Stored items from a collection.
☆ ☆ ☆ ☆ ☆ ☆ ☆

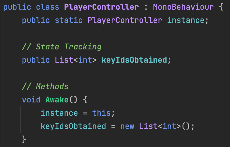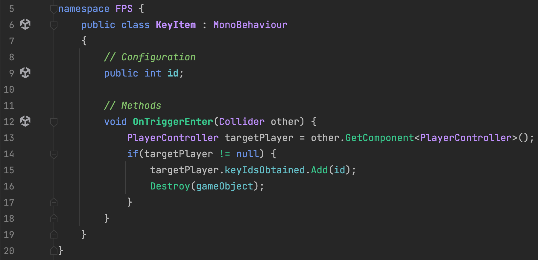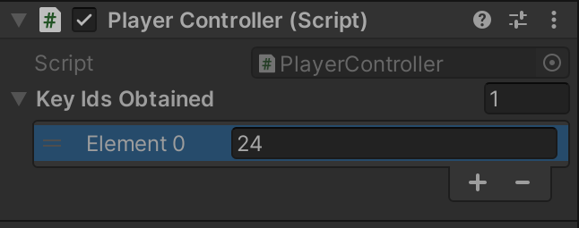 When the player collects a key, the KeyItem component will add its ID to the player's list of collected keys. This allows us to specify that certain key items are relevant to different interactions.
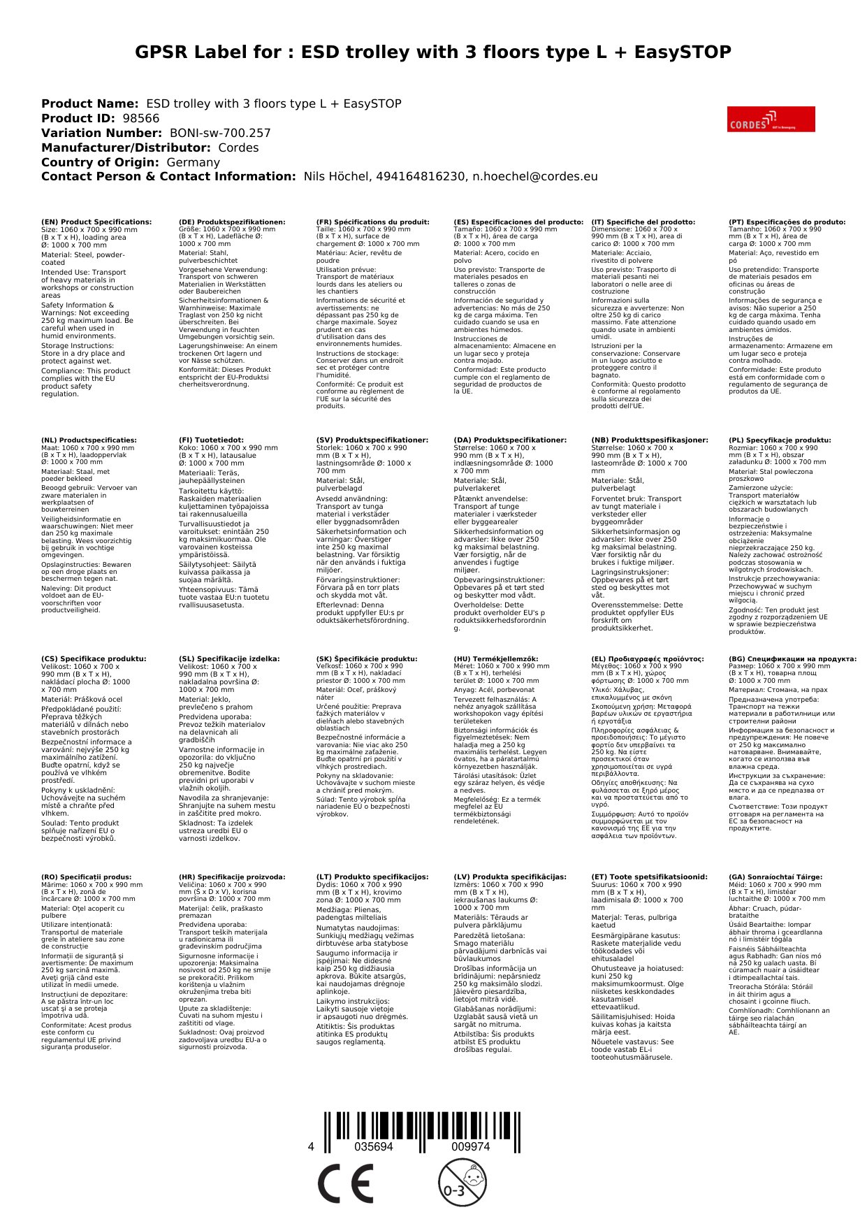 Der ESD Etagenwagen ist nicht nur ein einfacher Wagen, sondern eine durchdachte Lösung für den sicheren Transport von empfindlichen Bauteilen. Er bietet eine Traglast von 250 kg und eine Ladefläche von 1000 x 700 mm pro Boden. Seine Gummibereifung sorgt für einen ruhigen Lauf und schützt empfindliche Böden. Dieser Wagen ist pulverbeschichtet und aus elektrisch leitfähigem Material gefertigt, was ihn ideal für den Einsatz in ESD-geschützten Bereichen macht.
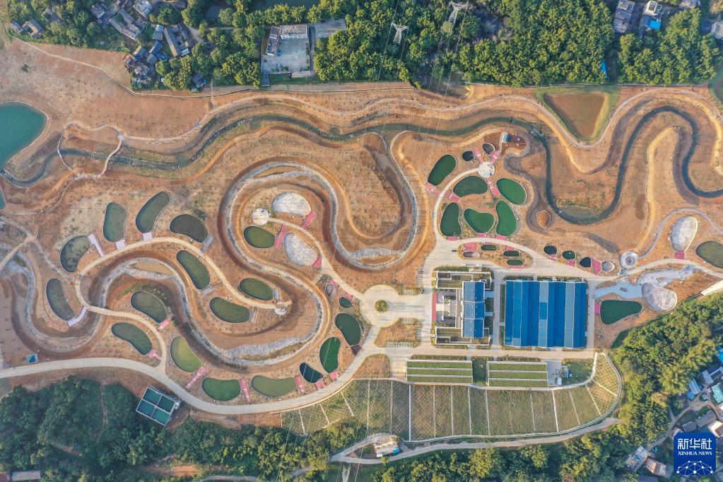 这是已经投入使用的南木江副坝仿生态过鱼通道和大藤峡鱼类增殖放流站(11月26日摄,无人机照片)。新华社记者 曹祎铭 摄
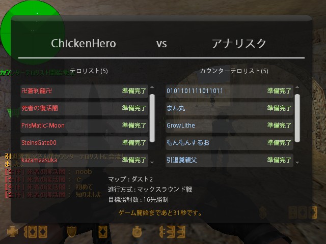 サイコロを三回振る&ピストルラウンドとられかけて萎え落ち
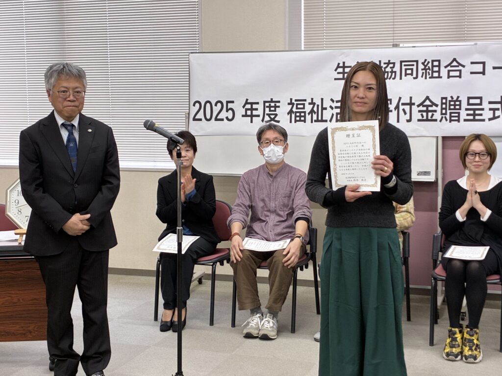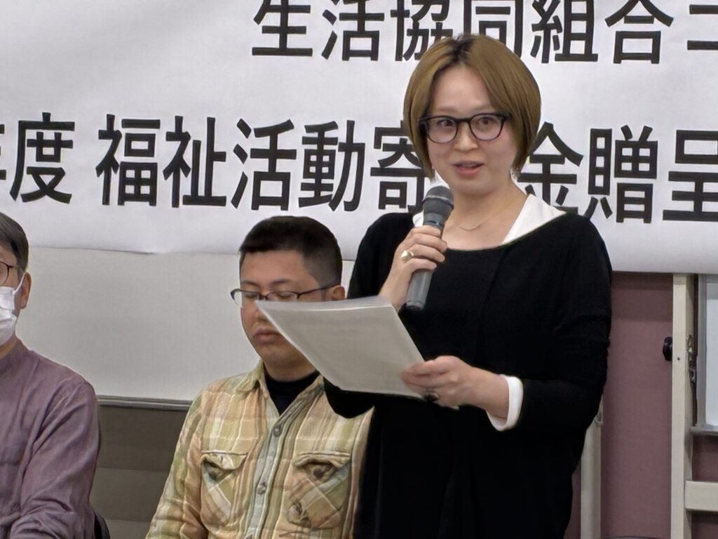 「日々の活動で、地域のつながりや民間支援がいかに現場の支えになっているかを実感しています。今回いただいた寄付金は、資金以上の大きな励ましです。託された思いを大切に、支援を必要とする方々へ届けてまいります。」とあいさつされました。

☆ ☆ ☆ ☆ ☆ ☆ ☆

What is needed.
Once the pictures are dropped, repeat the data above exactly.

Response box.
 When the player collects a key, the KeyItem component will add its ID to the player's list of collected keys. This allows us to specify that certain key items are relevant to different interactions.
 Der ESD Etagenwagen ist nicht nur ein einfacher Wagen, sondern eine durchdachte Lösung für den sicheren Transport von empfindlichen Bauteilen. Er bietet eine Traglast von 250 kg und eine Ladefläche von 1000 x 700 mm pro Boden. Seine Gummibereifung sorgt für einen ruhigen Lauf und schützt empfindliche Böden. Dieser Wagen ist pulverbeschichtet und aus elektrisch leitfähigem Material gefertigt, was ihn ideal für den Einsatz in ESD-geschützten Bereichen macht.
 这是已经投入使用的南木江副坝仿生态过鱼通道和大藤峡鱼类增殖放流站(11月26日摄,无人机照片)。新华社记者 曹祎铭 摄
 サイコロを三回振る&ピストルラウンドとられかけて萎え落ち
 「日々の活動で、地域のつながりや民間支援がいかに現場の支えになっているかを実感しています。今回いただいた寄付金は、資金以上の大きな励ましです。託された思いを大切に、支援を必要とする方々へ届けてまいります。」とあいさつされました。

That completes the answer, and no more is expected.